Not only gas-generated heaters, but now forklifts, are causing carbon monoxide poisoning.

There were two incidents Tuesday involving  factories, a fish-packing operation and a blueberry plant. In both cases roughly 20 employees got carbon monoxide poisoning from lethal fumes being emitted by forklifts.   

 In one incident, 21 workers at a fish packing plant in Galveston, Texas, were overcome by carbon monoxide and had to be taken to the hospital.

The employees at Platinum Packing on Harborside Drive were busy cutting the heads off of fish and shrimp when they suddenly got headaches and felt nauseous.

Firefighters were called to the scene, and they determined that a propane-powered forklift had been giving off  carbon monoxide fumes, sickening the workers. The forklift was running and had been left unattended.

Testing detected high levels of carbon monoxide in the fish plant.

The 21 workers, a good share of the plant’s 36 total employees, were sent to John Sealy Hospital for treatment for carbon monoxide poisoning.

 Responders brought air ventilators to the plant to rid it of the noxious fumes, and some employees did return to work  later Tuesday.

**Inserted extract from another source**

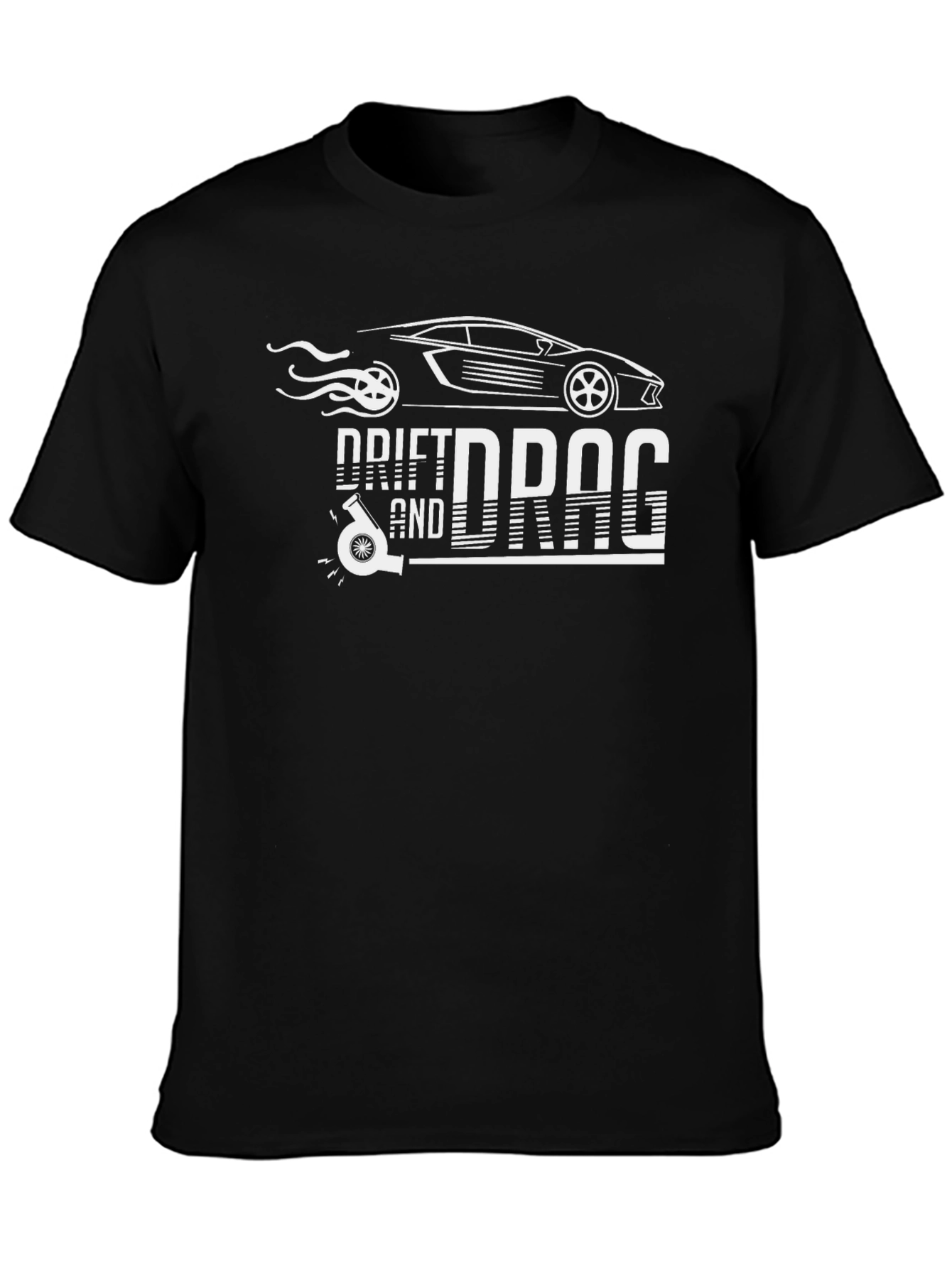 Showcase your love for motorsports with this sleek black t-shirt. Featuring a striking graphic design of a stylized sports car with the words "Drift and Drag," this tee is perfect for car enthusiasts. The design also incorporates a turbocharger illustration, adding to its cool factor. Made from a comfortable material, this shirt is ideal for casual wear, car meets, or simply expressing your passion for racing. Grab yours today and rev up your style!

In the second incident, at least 20 workers in a blueberry plant, the Carolina Blueberry Association, in Garland, N.C., were treated at several hospitals and released after being sickened by carbon monoxide that leaked from a forklift.   

 At about 7 p.m. Tuesday some workers started to have trouble breathing. On Wednesday morning, Haz-Met crews went into the plant to investigate, and found that a forklift had been emitting carbon monoxide.